Excerpted data Block Start

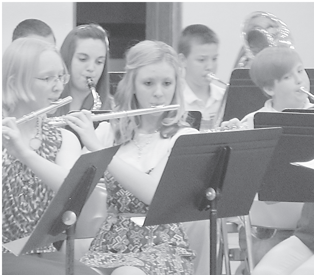
The Norton Junior High School band held a concert May 13 after the annual exhibit night. The concert began at 7:30 in the junior high school gym.
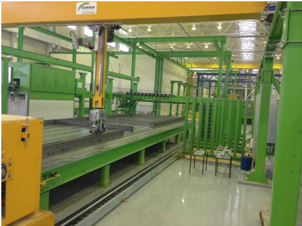
The modular design of the multifunctional formwork robot from SOMMER Anlagentechnik GmbH was adapted to the requirements
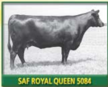
SAF ROYAL QUEEN 5084

Owned with Paws Up Angus Ranch, Greenough, MT, and Van Nice Angus Ranch, Silver Star, MT
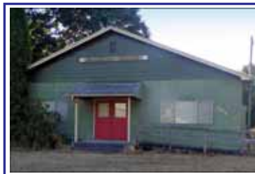
Silverton Grange #748 Marion County Organized 1930

Best known for: Music Jams, getting together for fun. They have a neighborhood garden complete with a moon garden bench and a hitchin' post and water trough. Other activities include Annual Holiday Bazaar and garden parties. Available to rent for special events.
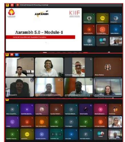
Glimpses of the Aarambh Sessions at Karnavati University

The sessions saw active participation from 50+ student innovators, reflecting strong enthusiasm for structured innovation and entrepreneurship. Together, these engagements laid a strong foundation for students to progress through the Aarambh 5.0 pre-incubation program and build impactful, viable innovations.
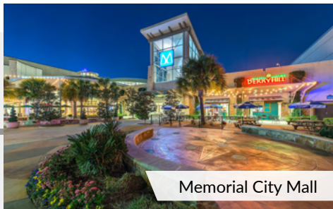
Memorial City Mall
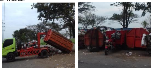
Fig 3. Waste Management Activities in North Semarang (Field Observation, 2019)

This analysis of waste handling activities will be the basis for facilitating the activities of handling tidal floods to clean. Besides that, the activity of tidal flood waste management will help to formulate the needs of tidal flood management facilities.
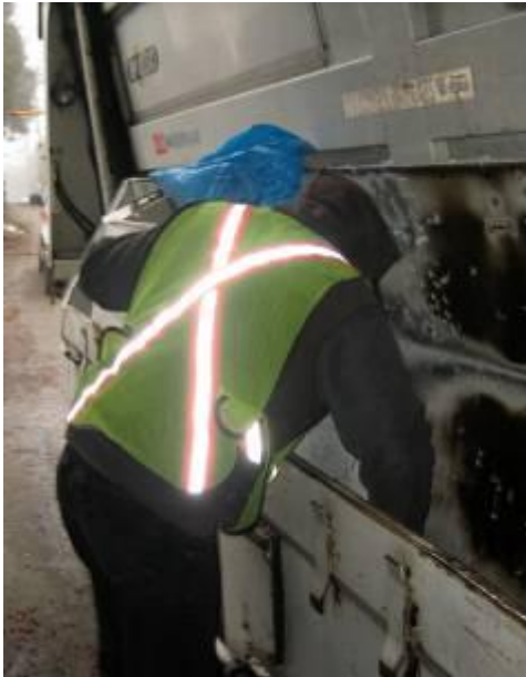
Fig. 5: Reaching into hopper to pull item out from wrong section.

wheels the tote to the recycling truck and hooks it on the side of the hopper and using the same hopper controls, dumps the tote into the truck (Fig 6).
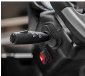
Self cancelling integrated turn signals
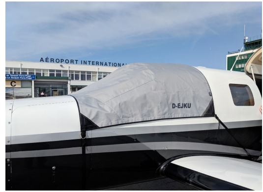
Piper PA46-350P Malibu Mirage Travel Cockpit Cover
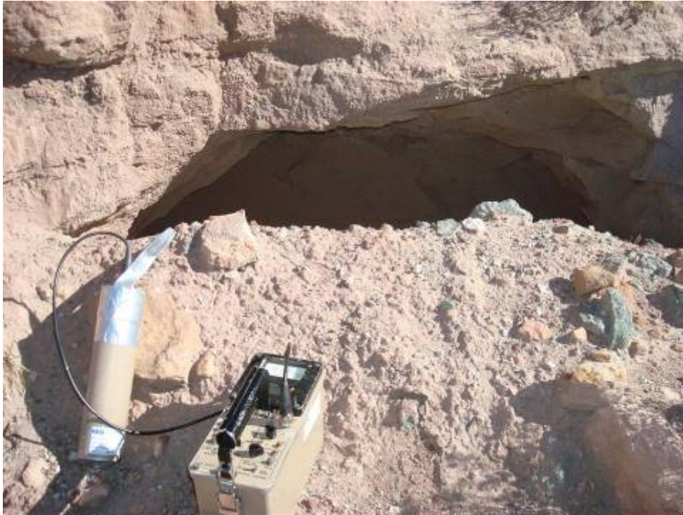
Photo 5. Reynolds Mine site, partially buried adit
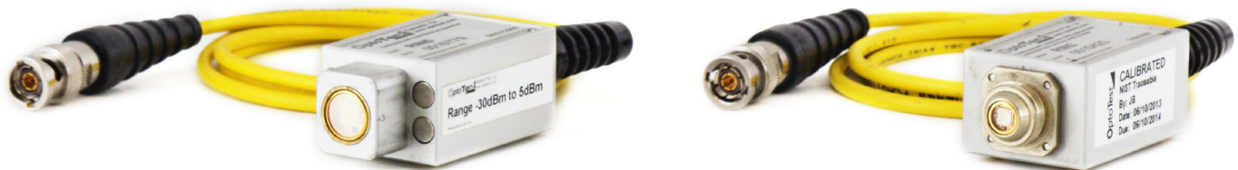
Figure 2: 10mm InGaAs detector (left), 3mm Si detector (right).

NOTE: MTP®, PRIZM®, and MXC™ are registered trademarks of US Conec.
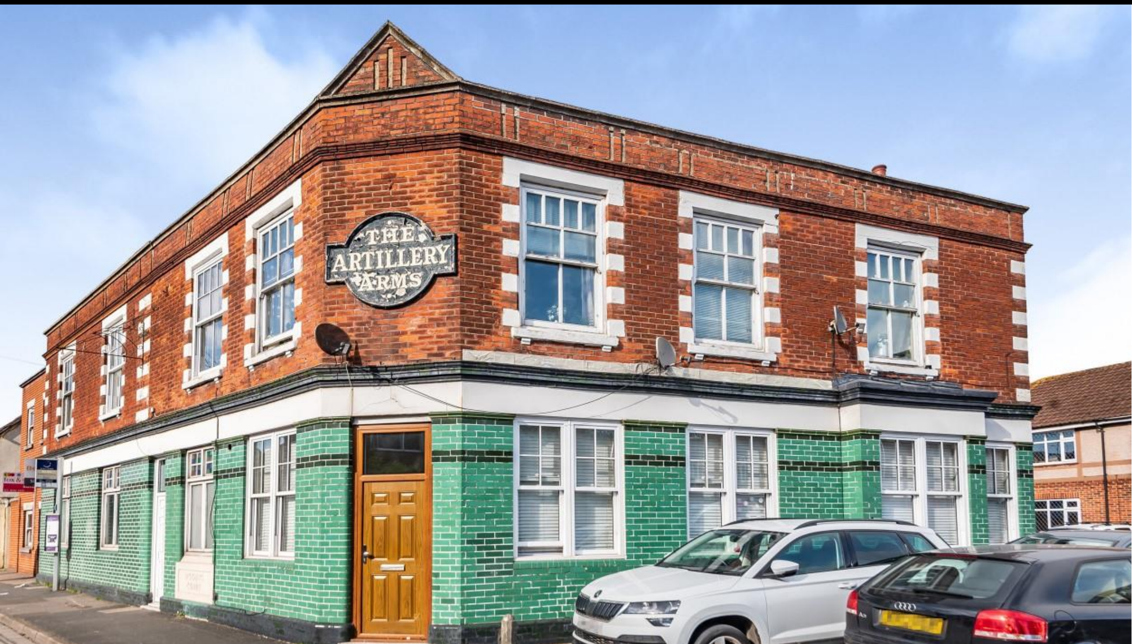
Woody Court, Brockhurst Road, Gosport, Hampshire, PO12 3BB
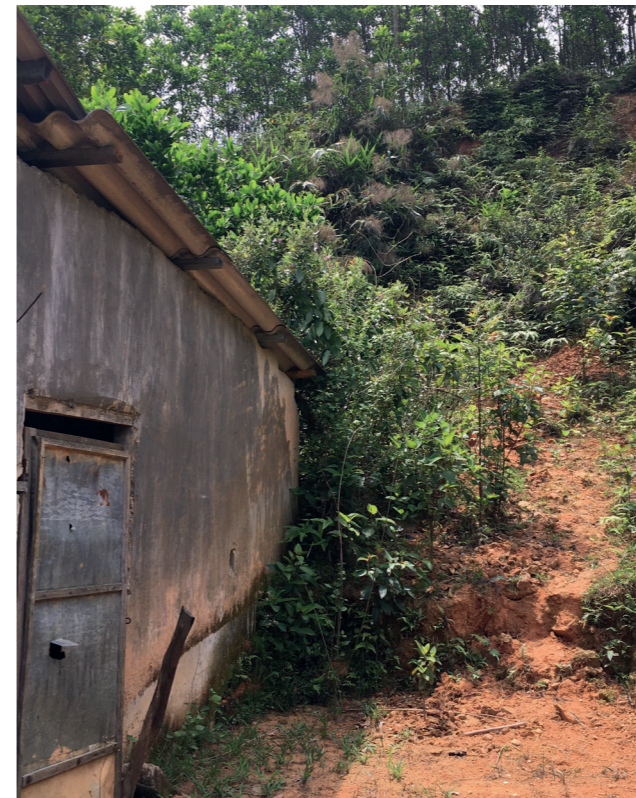
[Figure 11.5] Landslide threaten house

Bao Yen district, Lao Cai
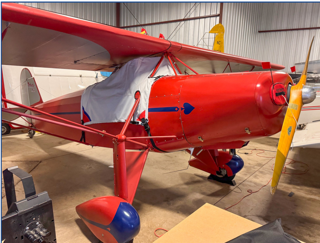
Corben Baby Ace, Junior Ace, and similar models Cockpit Cover
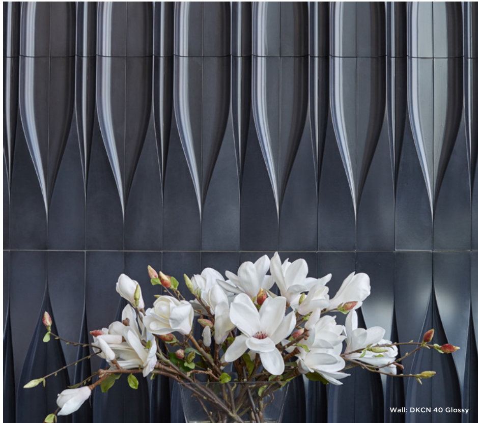
Wall: DKCN 40 Glossy

30 Colours / 3 Finishes / 3 Patterns / 1 Size
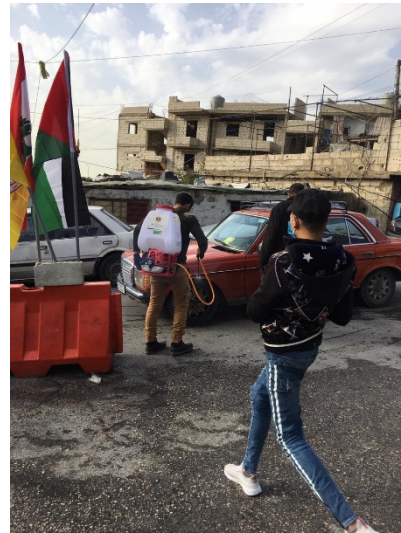
Taking temperatures at a Fatah checkpoint at the entrance to the Mieh Mieh refugee camp (March 23, 2020)
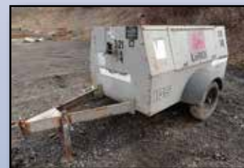
'99 LEROI 185CFM

1999 LEROI Model Q185DJ-E Portable Air Compressor , s/n 3449X527, powered by John Deere diesel engine, equipped with 205/75D15 tires. In good condition with good tires.
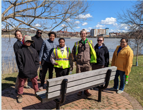
OEC Staff pause by the inner harbor for a photo on a sunny day during staff training.

At Onondaga Earth Corps (OEC), winters are always a time to reflect, recharge, and then reemerge in spring with energy to propel the youth and young adults in our program forward. 2022 is no exception and our team has been very busy. Since the beginning of the year, our field staff and participants have pruned trees (in the snow!) and hosted stewardship events; our administrative team visited conservation corps programs in Philadelphia and hired an amazing slate of staff members; and, for the first time in our history, OEC started running a youth program in what is typically the “off season”. After two very intense years of continual adaptation and triage, our reemergence in 2022 is very uplifting.
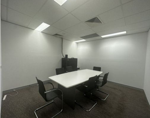
Etysl41,18ldg 2, Par/2740 Logan Road, Eight Mile Plains
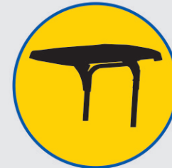
Durable Frame Equipped with Fiber Canopy
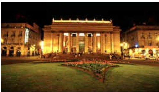
The Théâtre Graslin, Nantes's opera house

You will participate in excursions and various cultural events. Some of these activities will be offered and organized in fall semester by the UW on-site coordinator who will stay in Nantes for the first week of the program. A two-person team of local coordinators will be available for assistance and conversation classes throughout the semester.
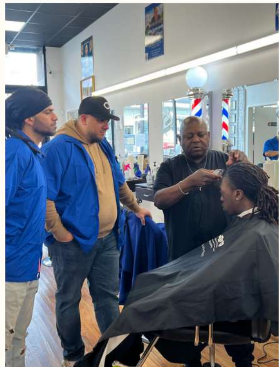
Westchester Barber Academy
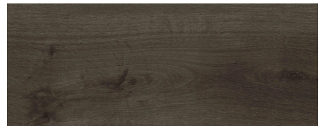
Steel Taupe HC1090
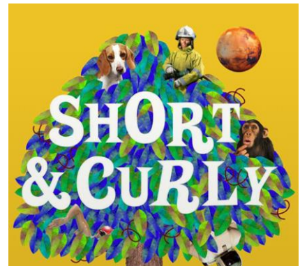
Short & Curly – ABC

After listening to an episode of their chosen podcast, students will then respond to the following questions:
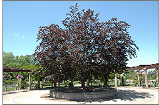
Purple Beech
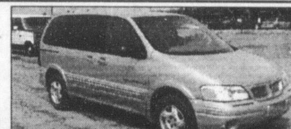
1999 FORD PORT TRANSPORT

V6, silver/grey inter., 3 dr, 6 pass, PS, PB, PL, PM, tilt, cruise, A/C, privacy tint, ABS. 47,000 km.

Excerpted data Block End

## [Work to complete]
Work from the entries above. Set down exactly and only the lines from the line with "Glimpses of the" to the line with "OEC Staff pause", both included, and leave the pictures out.

## [Task answer]
Glimpses of the Aarambh Sessions at Karnavati University

The sessions saw active participation from 50+ student innovators, reflecting strong enthusiasm for structured innovation and entrepreneurship. Together, these engagements laid a strong foundation for students to progress through the Aarambh 5.0 pre-incubation program and build impactful, viable innovations.
Memorial City Mall
Fig 3. Waste Management Activities in North Semarang (Field Observation, 2019)

This analysis of waste handling activities will be the basis for facilitating the activities of handling tidal floods to clean. Besides that, the activity of tidal flood waste management will help to formulate the needs of tidal flood management facilities.
Fig. 5: Reaching into hopper to pull item out from wrong section.

wheels the tote to the recycling truck and hooks it on the side of the hopper and using the same hopper controls, dumps the tote into the truck (Fig 6).
Self cancelling integrated turn signals
Piper PA46-350P Malibu Mirage Travel Cockpit Cover
Photo 5. Reynolds Mine site, partially buried adit
Figure 2: 10mm InGaAs detector (left), 3mm Si detector (right).

NOTE: MTP®, PRIZM®, and MXC™ are registered trademarks of US Conec.
Woody Court, Brockhurst Road, Gosport, Hampshire, PO12 3BB
[Figure 11.5] Landslide threaten house

Bao Yen district, Lao Cai
Corben Baby Ace, Junior Ace, and similar models Cockpit Cover
Wall: DKCN 40 Glossy

30 Colours / 3 Finishes / 3 Patterns / 1 Size
Taking temperatures at a Fatah checkpoint at the entrance to the Mieh Mieh refugee camp (March 23, 2020)
'99 LEROI 185CFM

1999 LEROI Model Q185DJ-E Portable Air Compressor , s/n 3449X527, powered by John Deere diesel engine, equipped with 205/75D15 tires. In good condition with good tires.
OEC Staff pause by the inner harbor for a photo on a sunny day during staff training.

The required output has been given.